TAIPEI, Taiwan — China has accused two Chinese nationals of spying for Britain, posing a new test for increasingly tense relations between the two countries.
China and Britain are at odds over Beijing’s crackdown on freedom of speech and open elections in Hong Kong, a former British territory that has been guaranteed economic and political freedoms for 50 years since it was handed over to China in 1997.
China’s main intelligence agency, the Ministry of State Security, announced in a social media message on Monday that it had uncovered a major espionage case involving a married couple known only by their surname, Wang and Zhou, who are allegedly recruited by Britain’s foreign intelligence service, M16. The ministry said Wang came to Britain as a student in 2015 and his wife later accompanied him. Wang was provided with a hotel room, trips around Britain and financial incentives.

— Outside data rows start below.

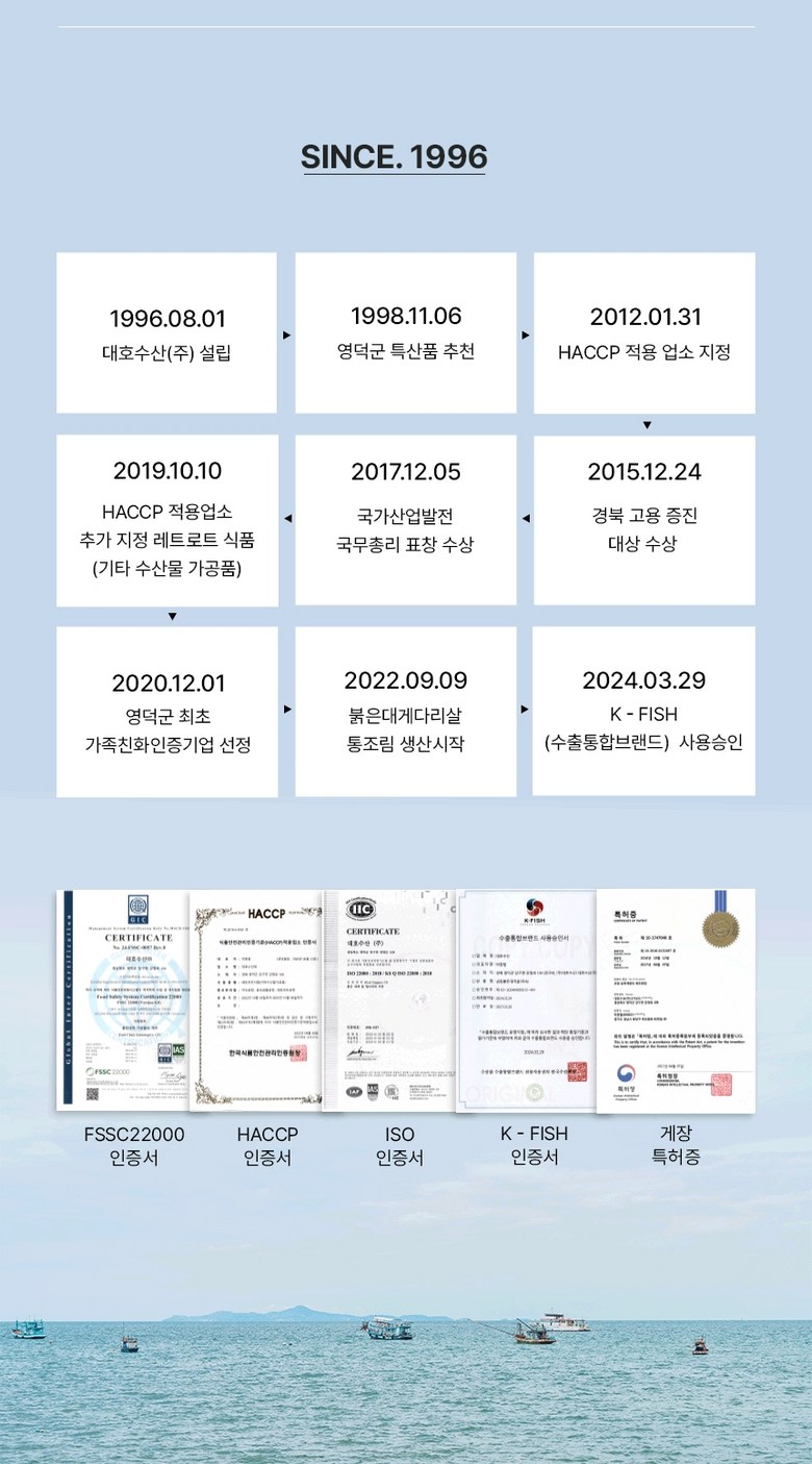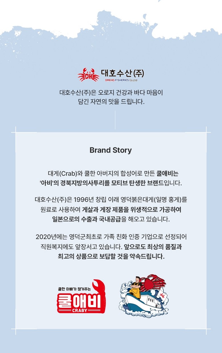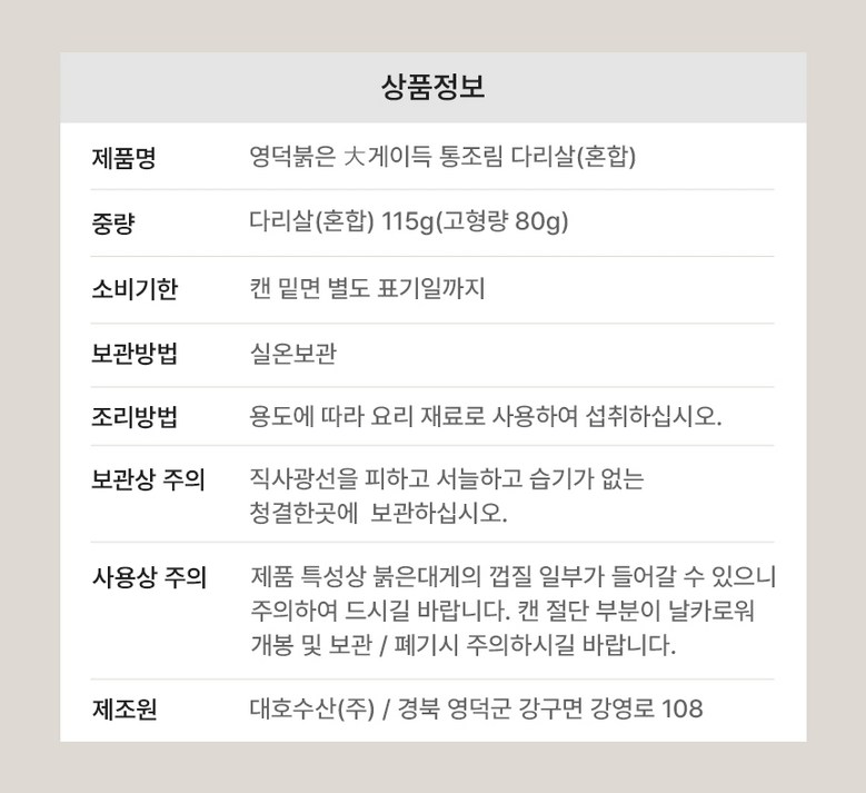 | 생산자 및 소재지 | 생산자 : 대호수산(주)소재지 : 경북 영덕군 강구면 강영로 108 | 제조연월일, 소비기한 또는 품질유지기한 | 소비기한(또는 유통기한) : 2027년 07월 02일 이거나 그 이후인 상품 제조년월일 : 2025년 07월 03일 이후인 제조상품 |
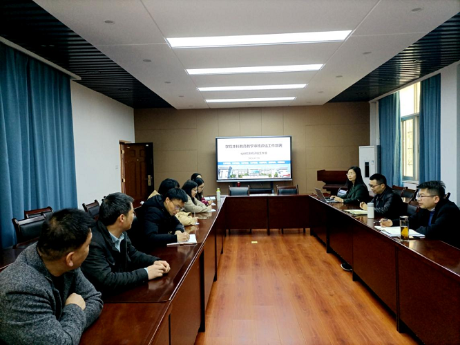 龚霞副院长介绍了评建工作总体架构、审核评估任务分解、二级学院评建工作部署情况。她强调,各部门要明确工作职责,明确任务分工,落细落实审核评估各项工作,提升学院的自觉、自省、自查、自纠能力,群策群力分析原因提出整改举措,切实做好教育教学评估审核工作。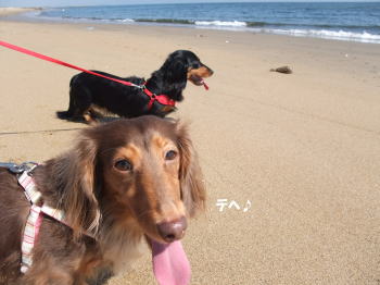 ふたりとも砂がハネて、おなかと足が砂まみれに(^_^;)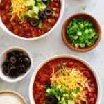 Ladle the chili into bowls and top with your favorite garnishes. I’m a big fan of sour cream, shredded cheddar cheese, sliced scallions, and diced avocado for a creamy, fresh contrast to the spicy warmth of the chili. But go with whatever makes you happy—chili is all about comfort!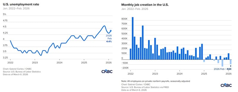 La economía de EEUU destruyó 92.000 puestos durante el mes de febrero, en comparación con la estimación de creación de empleos de 50.000 y también bien por debajo del total revisado a la baja de enero de 126.000.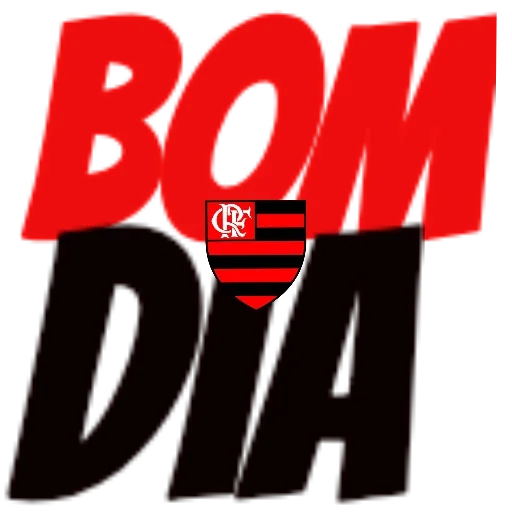 Un sticker con las palabras 'BOM DIA' en letras grandes, con el escudo de Flamengo en el medio.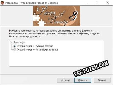 Добро пожаловать на наш сайт Vse-Putem.COM! Если вы искали актуальный и рабочий русификатор для Pieces of Beauty 3, вы попали в правильное место. Здесь вы можете скачать русификатор для версии игры 1.0 и выше. Достуен русификатор от GZKS, в ближайшее время мы постараемся добавить больше файлов для этой игры!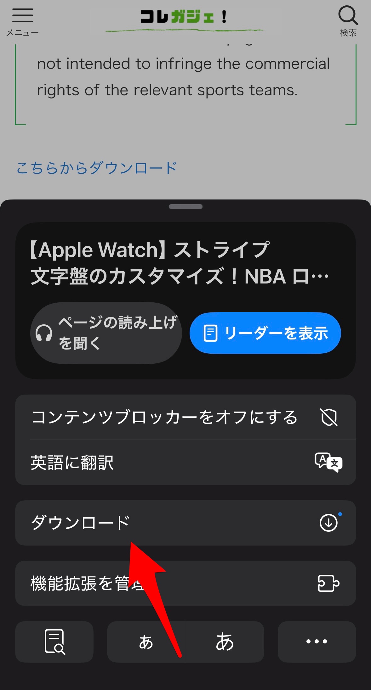 すると、サブメニューが表示されるので、その中からダウンロードをタップ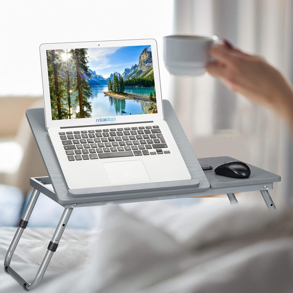 Relaxdays Laptoptisch höhenverstellbar, klappbar, neigbare Arbeitsfläche, Betttisch für Laptop, MDF,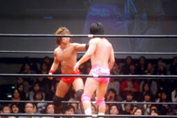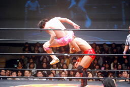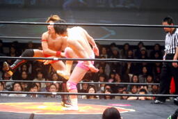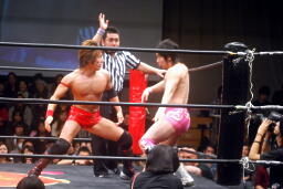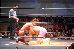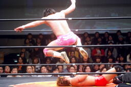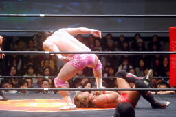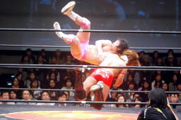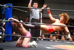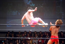 石井ロープに飛ぶ、高尾アームドラッグ(左写真)、石井ヘッドシザーズでブレーク。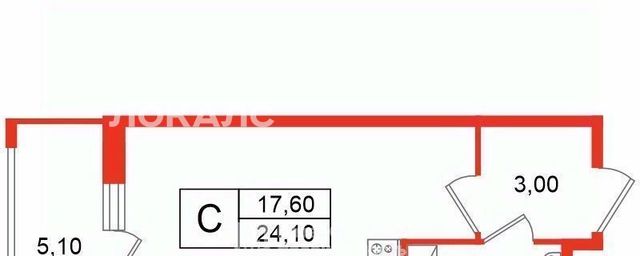 - Квартира-студия общей площадью 24,1 м2, комната 17,6 м2 с выходом на застекленную лоджию.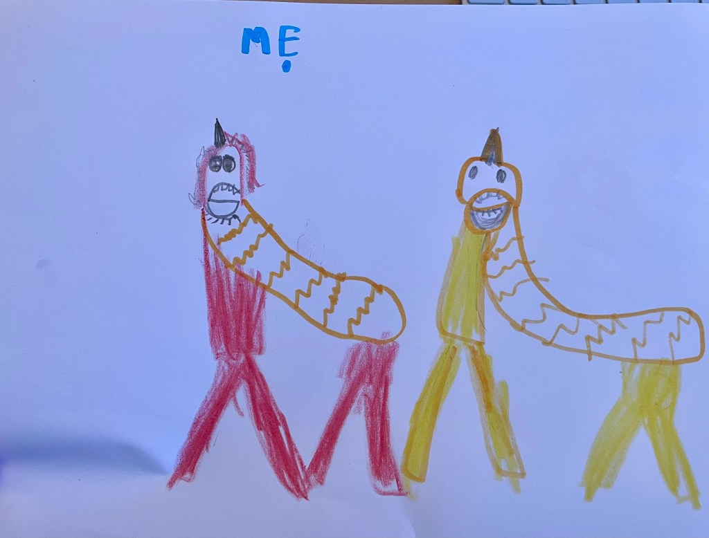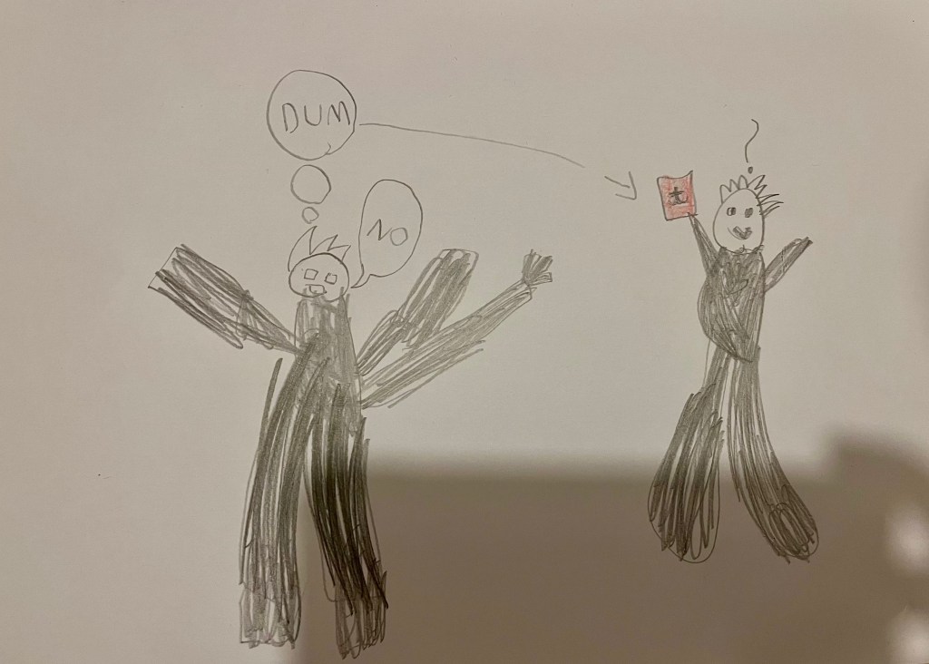 Hoặc một hôm cu cậu ngồi hí hoáy vẽ, sau đó đố mình: đố mẹ đây là hình minh hoạ cho bài hát nào. Mình còn đang bối rối, thì cu cậu giải thích luôn: Đây là ba, còn đây là Đôn, mà mẹ thấy chân dài chưa, có nghĩa là lớn rồi, 16 tuổi rồi. Ba đang cố gắng đưa lì xì cho Đôn mà Đôn nói “No”. He he, đó là bài hát “Nhưng bé lớn rồi bé không thích lì xì.” Mình phá ra cười, đồng thời cũng nhận ra, con không chỉ hát, mà con nhớ, con nghĩ về nó, con vẽ minh hoạ cho nó luôn.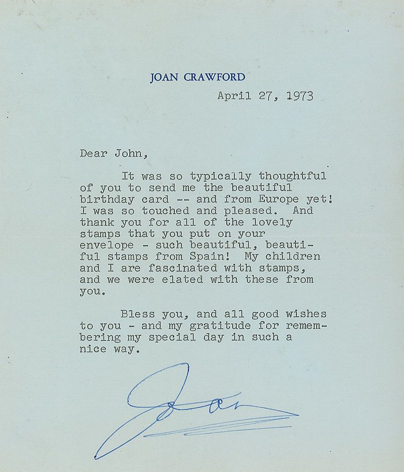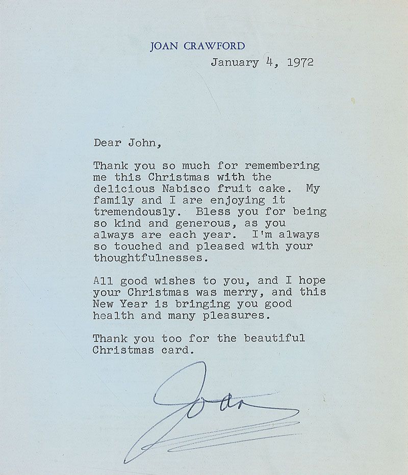 Two TLSs signed “Joan,” each one page, 6 x 7, personal letterhead, January 4 and April 27, 1972. The first, in part: “Thank you so much for remembering me this Christmas with the delicious Nabisco fruit cake.” The second, in part: “Thank you for all of the lovely stamps that you put on your envelope—such beautiful, beautiful stamps from Spain!” In overall fine condition. Both accompanied by their original mailing envelopes.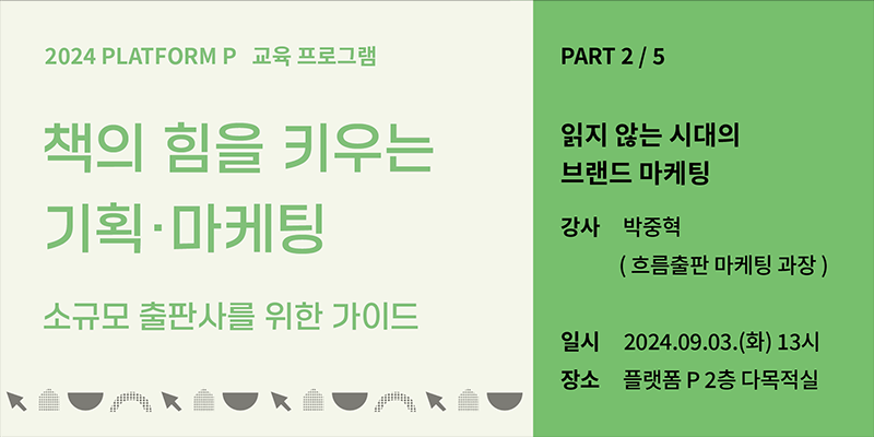 2024년 PLATFORM P의 첫 교육 프로그램으로, [책의 힘을 키우는 기획·마케팅 - 소규모 출판사를 위한 가이드] 연속 강의를 선보입니다. 총 5강으로 구성되었으며, 소규모 출판사들이 출판 기획과 마케팅의 기본기를 효과적으로 습득할 수 있도록 돕는 것을 목표로 합니다. 이 강의를 통해 출판사의 역량을 강화하고, 경쟁력 있는 콘텐츠를 기획하는 데 필요한 실질적인 지식과 전략을 알아가는 시간을 갖습니다.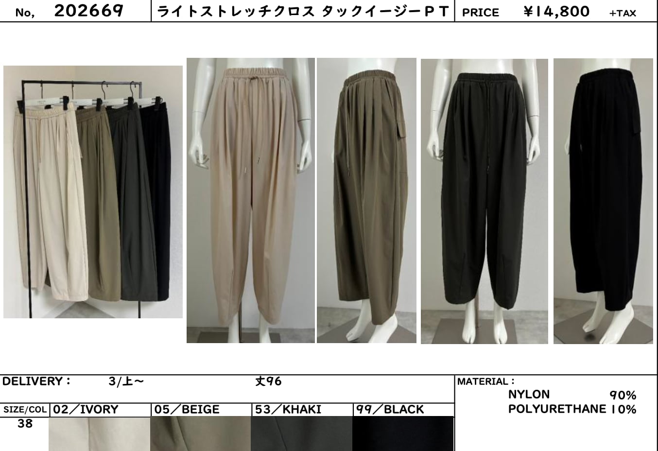 3日ライブ 3月配送 LUGIVA TOKYO /ルギヴァ 202669 ライトストレッチクロス タックイージーPT
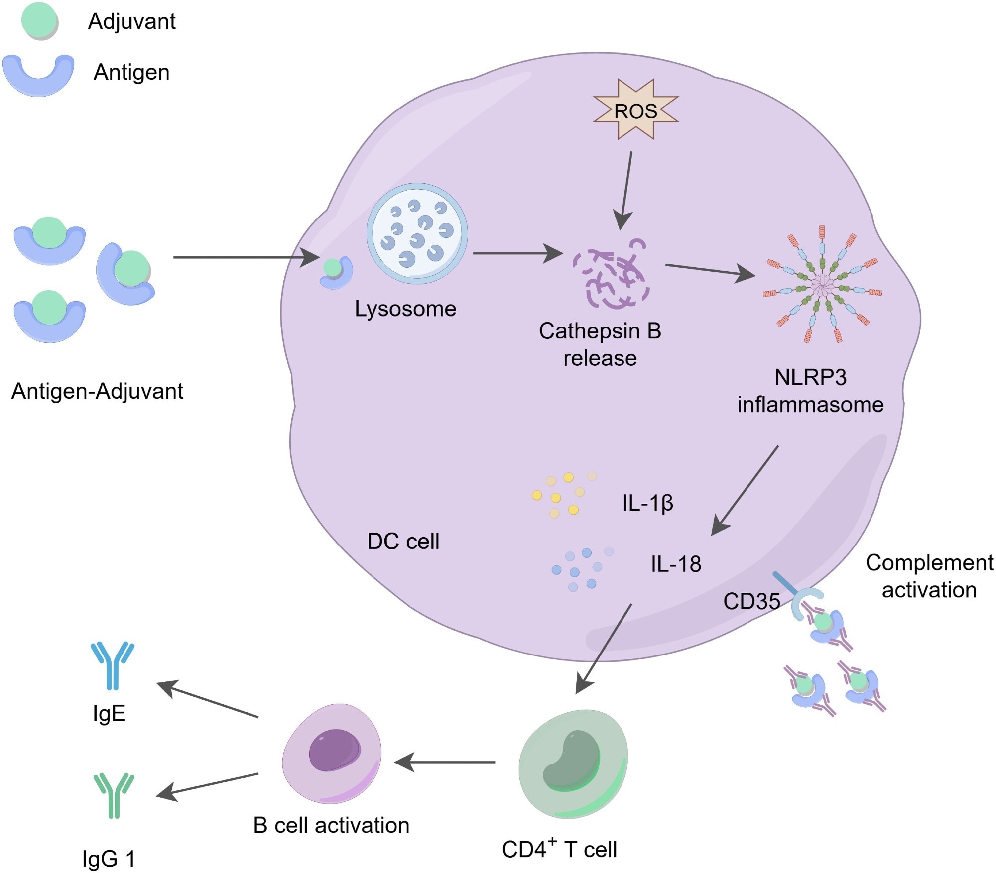 The action mechanism of aluminum adjuvants. Aluminum adjuvants form microparticles by adsorbing soluble antigens, which promotes the phagocytosis of these antigens by APCs. The phagocytosed aluminum-adjuvant-antigen complexes indirectly promote the production of reactive oxygen species (ROS), activate the release of cathepsin B in the lysosome, triggering the activation of the NLRP3 inflammasome and stimulating the production of IL-1β and IL-18, which play a role in regulating immune responses. At the same time, aluminum adjuvants stimulate the activation and differentiation of CD4+ T cells, increasing the levels of IgG1 and IgE. These cytokines and immune factors are essential for effective antibody-mediated immune protection. Additionally, dendritic cells can recruit and deposit antigen-adjuvant-antibody complexes through the CD35 receptor, further enhancing receptor signaling on both B cells and dendritic cells, thereby promoting immune effector functions.The action mechanism of aluminum adjuvants. Aluminum adjuvants form microparticles by adsorbing soluble antigens, which promotes the phagocytosis of these antigens by APCs. The phagocytosed aluminum-adjuvant-antigen complexes indirectly promote the production of reactive oxygen species (ROS), activate the release of cathepsin B in the lysosome, triggering the activation of the NLRP3 inflammasome and stimulating the production of IL-1β and IL-18, which play a role in regulating immune responses. At the same time, aluminum adjuvants stimulate the activation and differentiation of CD4+ T cells, increasing the levels of IgG1 and IgE. These cytokines and immune factors are essential for effective antibody-mediated immune protection. Additionally, dendritic cells can recruit and deposit antigen-adjuvant-antibody complexes through the CD35 receptor, further enhancing receptor signaling on both B cells and dendritic cells, thereby promoting immune effector functions.2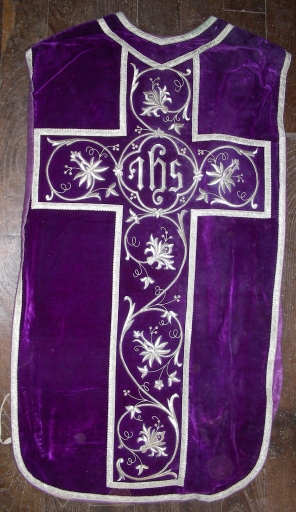 Ornement violet 1 : chasuble, étole, manipule, voile de calice et bourse de corporal,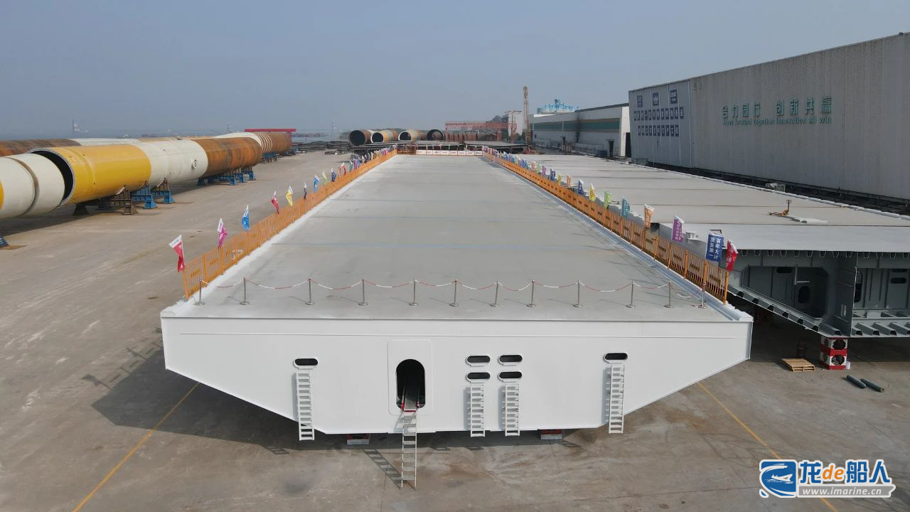 2021年1月5日,首制钢箱梁大节段制造完成顺利出跨,1月27日召开首制大节段验收评审会。

The ministry said the couple worked for a “central government agency” of the Chinese government and handled government secrets, which they passed on to MI6. It did not say what specific information the couple may have provided. It said the case was still under investigation and gave no indication of the couple’s whereabouts.
There has been no immediate comment from the UK.
Britain announced last month that it would try two men on suspicion of collecting secret information for Hong Kong authorities. A third suspect, 37-year-old Briton Matthew Trickett, also charged in the case, was found dead in a park under unknown circumstances, police said. Police later said the death was not being treated as suspicious.